About terminal theming, it's really epic. Using hyperjs + oh-my-zsh w/ Powerlevel9K + hack font complete.
Given WSL limitations and assuming that the laptop is to be used solely for software development on those personal projects, what's stopping you from going all in and running a Linux distro directly?
So personally the limitations with WSL are such that they haven't affected me in the stuff I use it for. I've definitely gone full Linux before, I used it as my primary driver for something like 4 years. However I only used it to the extent that I can do with WSL, and I MUCH prefer the stability and application quality of Windows 10. With WSL I get both things with no compromise! (again, in terms of my stuff I use it for) I absolutely acknowledge that there are many people for whom a full linux distro is absolutely the better option.
Fair enough. I must admit that I haven't used WSL for about a year (and I must admit that even then it was a begrudging compromise because Win10 was a company policy at a former employer).
I ran into multiple issues with symlinks and filesystem access from Windows to Linux and vice versa, various networking problems and also, some software simply did not run.
Containers (and on my dev boxes I run both Docker and LXC, the latter as low cost VM hosting for Ops/networking related emulated setups) simply weren't an option.
Very happy to be back on Linux. Also software stability isn't, in my experience, better on Win10, I'd actually put it the other way around. Admittedly that greatly depends on what software we are talking about.

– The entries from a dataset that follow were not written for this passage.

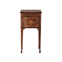 Noce, impiallacciato e intarsiato in essenze varie, uno sportello e un piccolo ripiano estraibile sul fronte.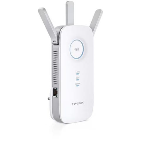 TP-Link AC1200 Wi-Fi Extender Router med dual band-funksjon. Enheten har to eksterne antenner, en Ethernet-port og støtter trådløs nettverkstilkobling for å forbedre Wi-Fi-dekning i hjem eller kontor.
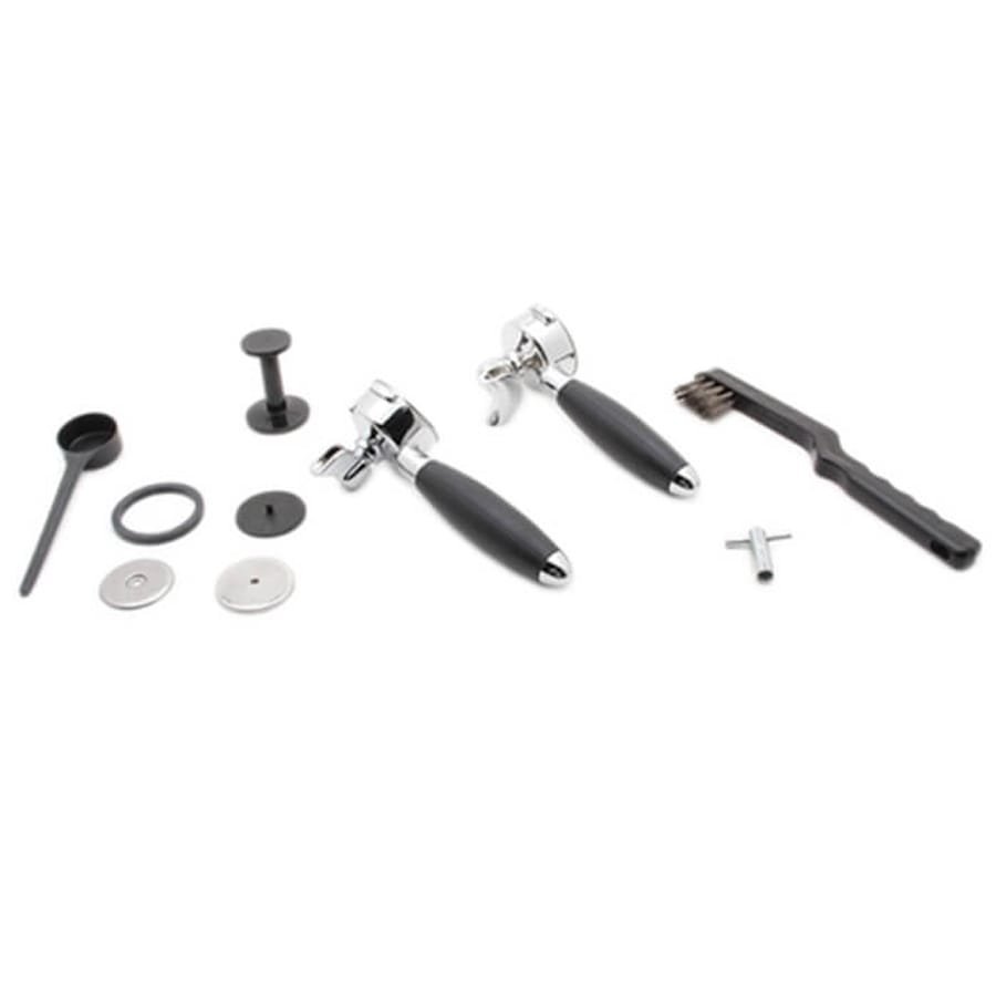 The top cover has been redesigned to eliminate the Plexi cup guard. The new top is much more user friendly; the cup guard could easily break, leaving a gap around the edges. This also lowers the overall height of the machine to just 15″. The portafilters that come with the machine have also been redesigned. The machine comes standard with our famous 4 holes 0.9 mm steam tip.

But then, I have not been that happy with Mac either, especially Python situation on it though my experience with homebrew was overall better than with WSL. Still, nothing beats the real thing.
I do understand people have issues with incompatible hardware but I select my hardware with Linux compatibility in mind (which is kinda what Apple does).
All valid concerns! I'm a Mac user at work and I personally love the stability, along with the unix shell. I don't do much Python on my Mac so I can't speak much to that.
In terms of symlinks back and forth between the WSL and Windows filesystems, they absolutely were not well supported 1+ years ago. The anniversary update fixed all those issues, and I personally am using symlinks with no issue.
I should say that I do really enjoy using a full Linux distro. I just hate switching back and forth between my Windows and Linux partitions, so the marriage between the two works great for my needs. :)
Really interesting article!
I appreciate the feedback! :)
Thanks for writing this up John. I've had the subsystem installed for over a year, but had no idea how to get it integrated with my tools. Super helpful!
Thanks so much, I'm glad it was helpful to you! :D
I loved the zsh and hyper tips. They will definitely be part of my setup from now on. Thank you very much
I'm so glad it was helpful! Thanks for reading!
For MacOS switchers, there is a homebrew for wsl/linux called surprisingly linuxbrew
Cool! Never seen this project before! I'll have to check it out and see how well it works!
Hmm.. Interesting article. But NVM does support/is supported on windows... Nevertheless, will give it a try someday.
Thanks! In terms of nvm, the actual nvm library doesn't support Windows, as is called out in their README under Important Notes. However there are two alternatives they mention, which are separate projects maintained by other people. So while there are alternatives, I wanted the actual nvm library, not a port or a clone. Hence using it in WSL.
With all the anti virus and IDS apps monitoring files on windows running on my laptop, the performance of files operations are 60 times slower than a linux VM running on the same laptop.
what is the advantage of this feature over cygwin/babun?
Cygwin runs modified linux binaries, whereas WSL simply provides a layer in between a full Ubuntu user space and the Windows Kernel, so that WSL can run any unmodified linux binary. Simply install it from apt-get and you're good to go. Cygwin also provides only a specific set of packages, whereas with WSL you can install anything available from a PPA.